Я хочу вам сразу сказать, какого рода величие движет нами. Но это значит также сказать, в чем состоит мужество, которому мы рукоплещем и которое не свойственно вам. Невелика доблесть броситься в бой, если ты всю жизнь готовился к этому и если драться для тебя естественнее, чем мыслить. Совсем иное — идти навстречу пытке и смерти, когда ты твердо знаешь, что ненависть и насилие сами по себе бесплодны. Совсем иное — сражаться, презирая войну, быть готовым все потерять и сохранять при этом стремление к счастью, разрушать и опустошать с мыслью о высочайшей цивилизации. В этом смысле нам труднее, чем вам, потому что мы должны обуздывать себя. Вам нечего было побеждать в своем сердце и своем сознании. У нас же было два врага, и нам недостаточно было побеждать силой оружия в отличие от вас, которым не надо было ничего подавлять.

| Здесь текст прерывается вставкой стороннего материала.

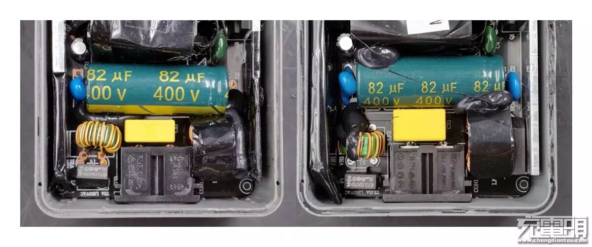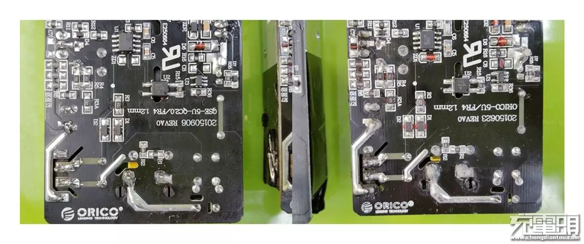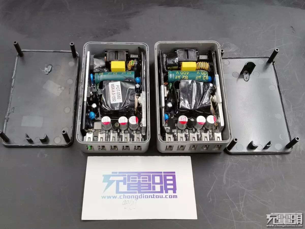 拆解QSE-5U充电器,与旧版本不带QC输出的ORICO-5U版本比较。注:以下图片左边为QSE-5U、右边为ORICO-5U。

Нам приходилось многое подавлять, и, быть может, прежде всего вечное искушение уподобиться вам. Ибо в нас всегда есть струнка, поддающаяся инстинкту, презрению к разуму, культу действенности. Мы в конце концов устаем от наших великих добродетелей. Мы стыдимся разума и подчас мечтаем о некоем счастливом варварстве, когда истина давалась бы без усилий. Но эта болезнь легко излечима: перед нами ваш пример, вы нам показываете, куда заводит такого рода фантазерство, и мы одумываемся. Если бы я верил в фатальность истории, я предположил бы, что вы, как илоты разума, сопутствуете нам ради нашего исправления. Отшатываясь от вас, мы возрождаемся к интеллектуальной жизни — здесь мы в своей стихии.

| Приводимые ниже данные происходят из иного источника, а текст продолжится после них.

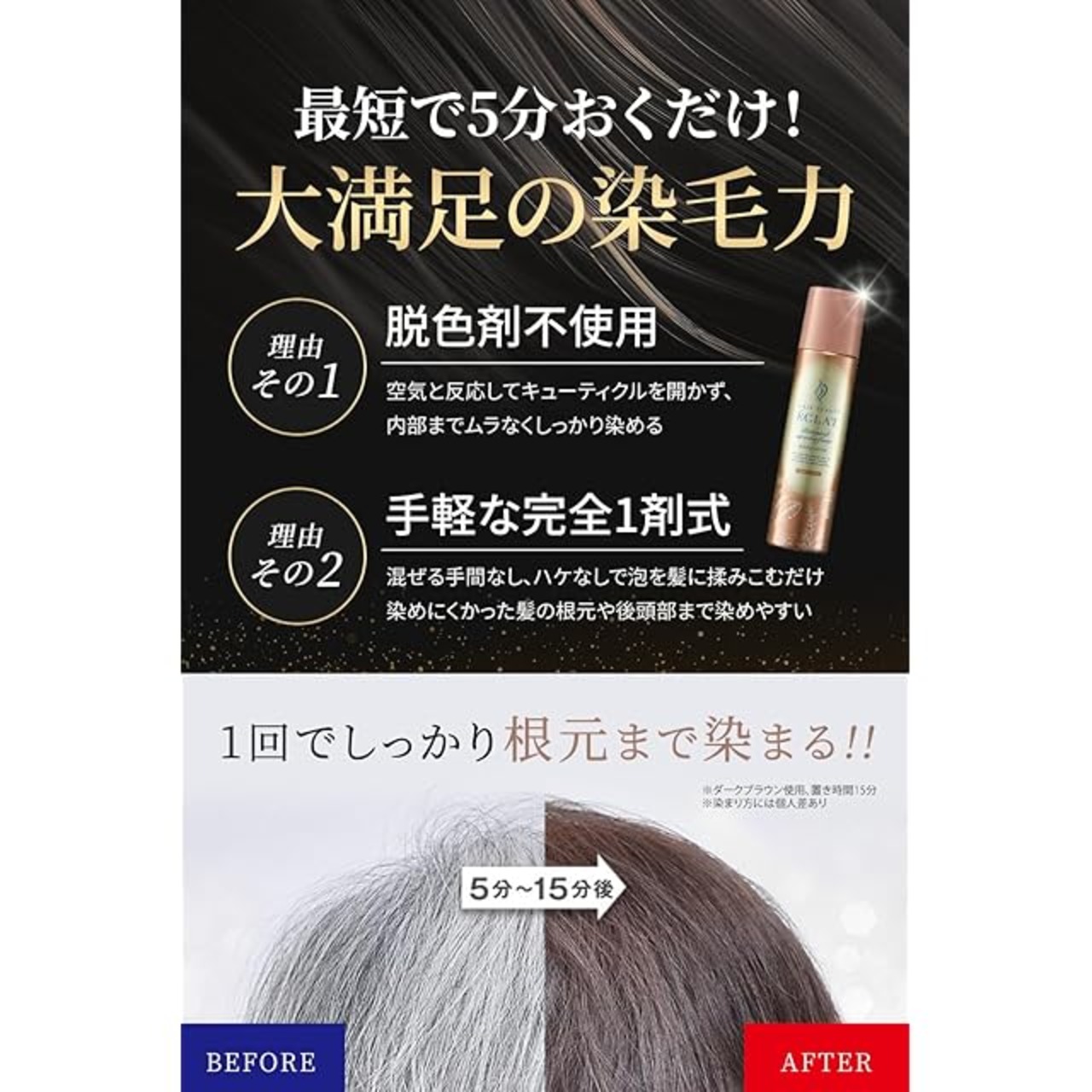 大人気「空気で染める」カンタン手軽な白髪染めがリニューアル! 「ヘアボーテエクラ ボタニカルエアカラーフォームEX」は、ワンプッシュでムースを出し、髪になじませて5分置くだけで白髪をムラなくつややかに染め上げます。脱色剤を一切使用しない処方で髪を傷めにくい処方はそのままに、ハリ・コシ成分として加水分解ケラチンを配合。ダメージ髪をケアし、色持ちアップにも。もちろん、うるおいを与えるボタニカル成分や10種の和漢植物エキスも配合、ツヤとうるおいを与えて美しく輝く美髪を育みます。 さわやかなフレッシュグリーン香りで、ツンとくる刺激臭も気にならず、ストレスなくホームカラーリングをお楽しみいただけます。

Но нам надо было еще преодолеть наше подозрительное отношение к героизму. Я знаю, вы считаете, что нам чужд героизм. Вы ошибаетесь. Просто мы одновременно исповедуем героизм и остерегаемся героизма. Исповедуем, потому что тысячелетняя история дала нам достаточно уроков благородства. Остерегаемся, потому что тысячелетний восход разума научил нас благодетельному искусству оставаться самими собой, не претендуя на сверхчеловеческое. Чтобы встретиться с вами лицом к лицу, нам пришлось вернуться далеко назад. И потому-то мы отстали от всей Европы, бросившейся, как только понадобилось, в объятия лжи, в то время как мы искали истину, до которой никому не было дела. Потому-то мы начали с поражения: мы медлили отразить ваш натиск, пока не уверились в том, что наше дело правое.

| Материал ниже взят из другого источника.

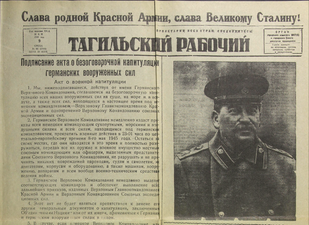 И если о нападении Германии на СССР газета «Тагильский рабочий» сообщила лишь спустя два дня с начала войны, то о её завершении многотиражка без промедлений протрубит 9 мая. В самом долгожданном выпуске №90 публикуют акт о капитуляции, решение Совнаркома считать 9 мая «днем всенародного торжества – ПРАЗДНИКОМ ПОБЕДЫ». Эту среду власти объявили нерабочей. О том, как Нижний Тагил встретил сообщение о Победе, говорится лишь в небольшой заметке «Праздник народный»:

Нам потребовалось преодолеть нашу любовь к человеку, наше представление о его мирном уделе, наше глубокое убеждение в том, что никакая победа не окупается, а всякое калечение человека непоправимо. Нам пришлось отрешиться и от наших знаний, и от нашей надежды, от всего, что побуждало нас любить наших нынешних врагов, и от ненависти, которую мы питали ко всякой войне. Короче, нам пришлось подавить нашу жажду дружбы — полагаю, вы поймете, что это значит, поскольку эти слова исходят от меня, которому вы охотно пожимали руку.
Теперь это совершилось. Нам пришлось проделать далекий обходный путь, мы потеряли много времени. Это обходный путь, на который ум толкают опасения погрешить против истины, а сердце — опасения погрешить против дружбы. Этот путь обеспечил справедливость и сделал правду союзником тех, кто проверял самих себя. Конечно, мы очень дорого заплатили за это. Мы заплатили за это унижениями и горечью молчания, тоской арестантов и жизнями расстрелянных, лишениями, разлуками, каждодневным голодом, дистрофией детей и всего более — вынужденными покаяниями. Но это в порядке вещей. Нам понадобилось все это время для того, чтобы понять, имеем ли мы право убивать людей, дозволено ли нам увеличивать ужасные бедствия этого мира. И именно это потерянное и наверстанное время, это допущенное и преодоленное поражение, эта оплаченная кровью щепетильность ныне дают нам, французам, право думать, что мы вступили в эту войну с чистыми руками — как жертвы и убежденные люди — и выйдем из нее с чистыми руками — но на этот раз как люди, одержавшие великую победу над несправедливостью и над самими собой.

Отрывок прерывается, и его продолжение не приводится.